Suddenly no more ingress

What could be the reason:
Node is not suspended, disk has space available, node has space available.
But logs only show egress.
After a stop and remove cycle the node immediately sees ingress again.
What is wrong?

1 Like

Did you have errors “ping satellite failed” before re-create of the container?

No ping errors.
Here is what I see:

Node has no ingress.

docker inspect storagenode | grep STORAGE
                "STORAGE=6.5TB"

Node dashboard:

Multinode dashboard:
mnd

116 GB overusage explain why there is no ingress. But why is there the discrepancy between node dashboard and multinode?

I am sure when I restart the node then it will get ingress immediately again.

Did you have a message “Disk space is less than requested”?
Or errors related to databases?

However, even if the node thought there was an overusage, your node still has enough free space.

I think this message shows only after startup and this has been already truncated from the logs.
The nodes that I have already restarted get ingress again and they don’t show that message. But this is how it should be.

Did you have missing audits?

No, audits are at 100% for each satellite.

One weird thing is that the node had uploads:

docker logs storagenode | grep uploaded | wc -l
183874

If I would just rely on the node dashboard it would not indicate that there are issues that could cause ingress to halt. This is not good.

yes, audits might be 100%, but I asked about numbers - did you have missing ones?

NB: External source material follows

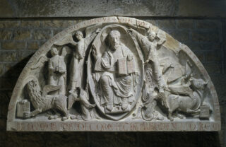 Si son emplacement original au sein de l’abbaye Saint-Bénigne pose toujours question, il est vraisemblable qu’il puisse provenir d’une porte située entre l’église et le cloître. La composition du tympan du Christ en majesté ne présente guère d’analogies avec le tympan de Cène : le dynamisme des figures angéliques longues et mobiles, sommées de petites têtes, contraste en effet avec la stabilité des figures robustes de celui de la Cène.
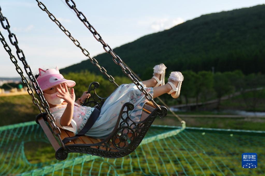 6月8日,小朋友在爱情谷主题公园荡秋千。

Actually you would see a drop in ingress and the flat line.

Do you want me to run the command of the linked posting?

Yes, please. They are for bash and PowerShell

I had restarted the node in the meantime so I don’t know if the results are still meaningful:

{
  "id": "1wFTAgs9DP5RSnCqKV1eLf6N9wtk4EAtmN5DpSxcs8EjT69tGE",
  "auditHistory": []
}
{
  "id": "121RTSDpyNZVcEU84Ticf2L1ntiuUimbWgfATz21tuvgk3vzoA6",
  "auditHistory": []
}
{
  "id": "12EayRS2V1kEsWESU9QMRseFhdxYxKicsiFmxrsLZHeLUtdps3S",
  "auditHistory": []
}
{
  "id": "12L9ZFwhzVpuEKMUNUqkaTLGzwY9G24tbiigLiXpmZWKwmcNDDs",
  "auditHistory": [
    {
      "windowStart": "2024-01-24T00:00:00Z",
      "totalCount": 306,
      "onlineCount": 304
    },
    {
      "windowStart": "2024-01-30T00:00:00Z",
      "totalCount": 195,
      "onlineCount": 191
    }
  ]
}

Perhaps that satellite is cached your node as offline.
Restart did a force check-in, so it’s updated its cache.

But why do the dashboards show different values too?

Did you check databases? The multinode dashboard took data via storagenode API, but the single node dashboard directly from databases and config.yaml.
So, I guess the API provided a wrong information or the multinode dashboard has a bug somewhere.
However, I cannot reproduce that.
By the way, did you have errors in the multinode console or logs?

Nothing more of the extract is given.